Nicoletta Machiavelli (1 August 1944 – 15 November 2015) was an  Italian film actress, also known as Nicoletta Rangoni Machiavelli and Nicoletta Macchiavelli.

Life and career
The daughter of a Florentine father and of an American mother, Machiavelli was a descendant of the philosopher and author Niccolò Machiavelli. She studied painting at the Accademia di Belle Arti di Firenze.

Following an audition for the role of Eva in John Huston's The Bible: In the Beginning..., she was noted by the producer Dino De Laurentiis who put her under contract for seven years, a contract she eventually broke after three years.

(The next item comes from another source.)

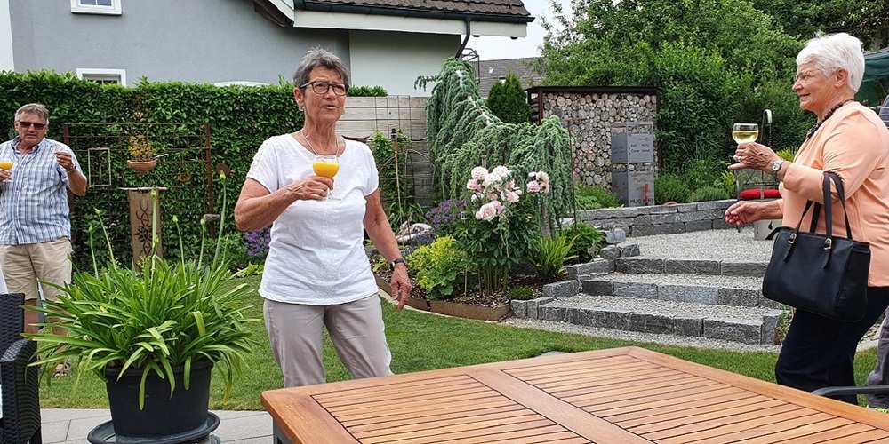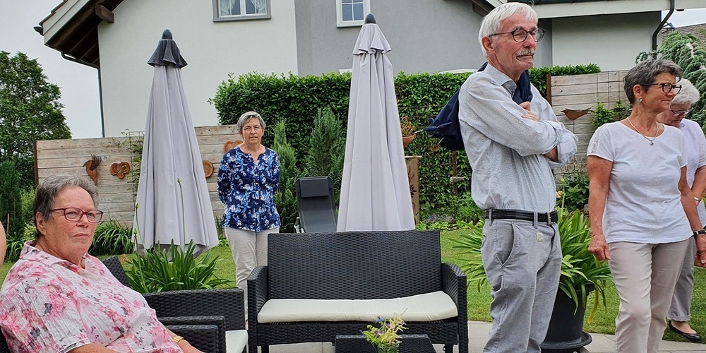 Die Präsidentin Lilian Schlauri hatte die Sängerschar eingeladen, gemeinsam am Johannni-Gottesdienst teilzunehmen. Eine erfreulich grosse Schar war der Einladung gefolgt. Der Gottdienst mit Pater Didier Mungolingi und die Predigtworte der Seelsorgerin Katrin Blome beeindruckten. Eigentlich hatte der Chor für diesen Tag eine Mundartmesse mit Alphornbegleitung vom Uzwiler Komponisten Roman Bislin geplant – aber Corona war dagegen. Dafür durfte die Sängerschar die herrlichen Klänge von Orgel und Alphornbläsern geniessen, organisiert von der Organistin Antonia Widmer.

Her first role was Ugo Tognazzi's wife in A Question of Honour, and following a few comedies, her early career was characterized by genre films, mainly Spaghetti Western, notably Sergio Corbucci's Navajo Joe.

Starting from the late 1960s Machiavelli started appearing in more ambitious art films, working with Hans-Jürgen Syberberg, Pietro Germi, Dino Risi, Sergio Citti, Andrzej Żuławski, and Liliana Cavani, among others.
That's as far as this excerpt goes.